I am trying to show that
$$e^{A_n}e^{A_{n-1}}…e^{A_2}e^{A_1}=e^{\sum_iA_i}e^{\frac{1}{2}\sum_{i>j}[A_i,A_j]} \tag{1}$$
is true for a set of operators $A_1,A_2,…,A_n$ such that $[[A_i,A_j],A_k]=0$ for all $(i,j,k)$. I am having troubles obtaining the second exponent in the RHS of the equation above.
In my attempt am using the Baker Campbell Hausdorff (BCH) Theorem, which states that
$$ e^{A_i}e^{A_j}=e^{A_i+A_j}e^{\frac{1}{2}[A_i,A_j]}$$
is valid for operators satisftyng $[[A_i,A_j],A_j]=[[A_i,A_j],A_i]=0$.
We can then write
$$e^{A_n}e^{A_{n-1}}…e^{A_3}e^{A_2}e^{A_1}= e^{A_n}e^{A_{n-1}}…e^{A_3}e^{A_2+A_1}e^{\frac{1}{2}[A_2,A_1]}\\\hspace{60mm}= e^{A_n}e^{A_{n-1}}…e^{A_3+A_2+A_1}e^{\frac{1}{2}[A_3,A_2+A_1]}e^{\frac{1}{2}[A_2,A_1]}\\ \hspace{84mm}= e^{A_n}…e^{A_4+A_3+A_2+A_1}e^{\frac{1}{2}[A_4,A_3+A_2+A_1]}e^{\frac{1}{2}[A_3,A_2+A_1]}e^{\frac{1}{2}[A_2,A_1]}\tag{2}$$
Then, I want to show that
$$ e^{\frac{1}{2}[A_4,A_3+A_2+A_1]}e^{\frac{1}{2}[A_3,A_2+A_1]}e^{\frac{1}{2}[A_2,A_1]}=e^{\frac{1}{2}([A_4,A_3+A_2+A_1]+[A_3,A_2+A_1]+[A_2,A_1])} $$
and so on.
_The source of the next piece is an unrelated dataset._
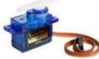
Fig 3: Servo Motor

Servo Motors: Aptech deals with SG90 micro servo motor 9g rc robot helicopter airplane boat controls (1pc) – get this micro servo motor 9g rc robot helicopter airplane boat controls. Operating speed: 0.12second/60degree ( 4.8v no load). Stall torque (4.8v): 17.5oz /in (1kg/cm) .

Which am assuming is only true if terms like $[A_4,A_3]$ commute with $[A_2,A_1]$. Is this assumption correct?
Assuming is correct, then how do I show they commute by using our initial condition that $[[A_i,A_j],A_k]=0$ for all $(i,j,k)$? I have tried, but obtain the following
$$[[A_4,A_3],[A_2,A_1]]=A_4A_3A_2A_1-A_4A_3A_1A_2-A_3A_4A_2A_1+A_3A_4A_1A_2 \\ -A_2A_1A_4A_3+A_2A_1A_3A_4-A_1A_2A_4A_3+A_1A_2A_3A_4 \tag{3}$$
but I haven't found a way to regroup it and show this is $0$. Is there an easier way to show Eq. $(1)$ is true? Or to show that Eq. $(3)$ is zero?
Best Answer
You have that every commutator of As commutes with all As, (Lie algebra elements). You wish to probe whether $[[A_4,A_3],[A_2,A_1]]=0$.
Consider $[A_4 A_3, [A_2,A_1]]= A_4[A_3, [A_2,A_1]] + [A_4 , [A_2,A_1]] A_3 = 0+ 0=0$, by your postulate. So, subtracting $[A_3 A_4, [A_2,A_1]]=0$, likewise null, you derive $[[A_4,A_3],[A_2,A_1]]=0$.